Add the cream just before serving and cook for a few minutes until the sauce thickens.
Add the pesto and mix well.

Creamy mushroom and shrimp sauce
Add the tagliatelle to the pan, stir, then divide between two plates. Alternatively, you can arrange the tagliatelle directly on the plates, then top with the creamy mushroom and shrimp sauce.
Sprinkle with grated Parmesan, add a teaspoon of pesto, then decorate with a fresh basil leaf.
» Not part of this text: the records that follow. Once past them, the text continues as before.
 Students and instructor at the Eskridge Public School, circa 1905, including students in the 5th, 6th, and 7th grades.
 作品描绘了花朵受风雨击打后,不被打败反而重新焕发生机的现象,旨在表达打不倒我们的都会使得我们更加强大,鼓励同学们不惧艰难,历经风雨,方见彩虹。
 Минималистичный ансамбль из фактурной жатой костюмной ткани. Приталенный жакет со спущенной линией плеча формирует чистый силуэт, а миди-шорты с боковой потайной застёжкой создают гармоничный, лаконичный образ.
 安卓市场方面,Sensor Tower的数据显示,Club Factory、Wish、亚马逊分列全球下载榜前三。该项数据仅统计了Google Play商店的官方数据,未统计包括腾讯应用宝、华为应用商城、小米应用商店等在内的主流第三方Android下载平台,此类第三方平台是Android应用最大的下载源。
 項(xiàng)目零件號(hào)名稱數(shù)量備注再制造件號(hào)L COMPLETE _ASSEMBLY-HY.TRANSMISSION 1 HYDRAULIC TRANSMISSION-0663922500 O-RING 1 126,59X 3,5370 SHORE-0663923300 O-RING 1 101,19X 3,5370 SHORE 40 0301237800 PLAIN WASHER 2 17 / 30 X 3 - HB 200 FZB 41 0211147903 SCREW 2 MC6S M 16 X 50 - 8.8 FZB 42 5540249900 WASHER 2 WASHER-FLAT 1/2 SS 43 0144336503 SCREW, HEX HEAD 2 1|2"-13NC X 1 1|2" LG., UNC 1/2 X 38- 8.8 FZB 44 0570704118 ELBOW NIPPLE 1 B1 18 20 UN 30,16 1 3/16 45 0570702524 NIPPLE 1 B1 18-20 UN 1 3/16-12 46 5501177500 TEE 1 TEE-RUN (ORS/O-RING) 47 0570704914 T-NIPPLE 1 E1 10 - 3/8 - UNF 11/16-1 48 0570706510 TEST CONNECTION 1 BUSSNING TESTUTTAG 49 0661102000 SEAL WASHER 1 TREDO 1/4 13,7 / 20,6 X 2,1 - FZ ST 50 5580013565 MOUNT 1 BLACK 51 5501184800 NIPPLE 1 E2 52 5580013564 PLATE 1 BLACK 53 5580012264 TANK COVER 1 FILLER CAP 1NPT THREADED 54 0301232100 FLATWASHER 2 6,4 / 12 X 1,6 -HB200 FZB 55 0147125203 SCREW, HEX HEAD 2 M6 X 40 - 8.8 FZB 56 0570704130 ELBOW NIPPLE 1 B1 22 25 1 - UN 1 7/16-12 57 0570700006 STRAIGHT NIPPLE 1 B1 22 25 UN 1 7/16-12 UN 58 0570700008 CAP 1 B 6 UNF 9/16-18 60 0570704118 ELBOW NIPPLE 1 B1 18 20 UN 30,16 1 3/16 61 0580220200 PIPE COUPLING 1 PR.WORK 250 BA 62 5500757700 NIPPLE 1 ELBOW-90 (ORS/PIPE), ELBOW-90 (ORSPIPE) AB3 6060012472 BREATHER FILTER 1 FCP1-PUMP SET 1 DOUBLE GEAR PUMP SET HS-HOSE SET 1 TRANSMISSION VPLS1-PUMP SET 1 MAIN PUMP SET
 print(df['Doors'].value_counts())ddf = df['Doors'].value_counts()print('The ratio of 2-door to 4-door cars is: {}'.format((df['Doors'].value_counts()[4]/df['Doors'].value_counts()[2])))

This recipe for shrimp tagliatelle with creamy mushroom sauce is perfect for a quick and tasty evening meal.
FAQ: practical tips
How much pasta per person?
Count 100 to 125 g of dry pasta per person. Adjusting quantities helps avoid waste. If you have leftovers, they keep well in the fridge and are easy to reheat in the microwave or in a stewpot.
Can I use another form of pasta?
Absolutely! This creamy mushroom and shrimp sauce goes perfectly with spaghetti, fusilli, penne, linguine, or any other shape you like.
How do you cook tagliatelle?
Following the package instructions is still essential, but here are a few pointers:
For 100 g of pasta, use 1 liter of water and 10 g of salt (2 teaspoons).
Bring a large volume of salted water to the boil in a Dutch oven.
Once the water is boiling, add the pasta and stir immediately.
For al dente cooking, allow 8 minutes from the start of boiling. For softer pasta, cook for up to 10 minutes longer.

Tagliatelle with shrimp and creamy mushroom sauce
INGREDIENTS
- 250 g tagliatelle
- 1 large onion
- 2 garlic cloves
- 200 g button mushrooms
- 25 large shrimps
- 1 large spoonful of pesto
- 2 tablespoons olive oil
- 2 teaspoons sesame oil optional
- 1 teaspoon oyester sauce optional
- salt and pepper
- 200 ml full-fat cream
- 50 g Parmesan cheese
PREPARATION
- Wash the mushrooms, drain and slice thinly.
- Cook the tagliatelle in plenty of salted water, following the instructions on the packet.
- Finely chop onion and garlic.
- Fry the onion and garlic in olive oil.
- Add the mushrooms when the onions become translucent.
- Cook over medium heat until mushrooms are almost done.
- Add a little water if the preparation lacks sauce.
- Stir in the shrimp and sauté for about 10 minutes.
- Add sesame oil and oyster sauce, salt and pepper to taste.
- Drain tagliatelle.
- Add the cream just before serving and cook for a few minutes until the sauce thickens.
- Add the pesto and mix well.
- Creamy mushroom and shrimp sauce
- Add the tagliatelle to the pan, stir, then divide between two plates. Alternatively, you can arrange the tagliatelle directly on the plates, then top with the creamy mushroom and shrimp sauce.
- Sprinkle with grated Parmesan, add a teaspoon of pesto, then decorate with a fresh basil leaf.
- This recipe for shrimp tagliatelle with creamy mushroom sauce is perfect for a quick and tasty evening meal.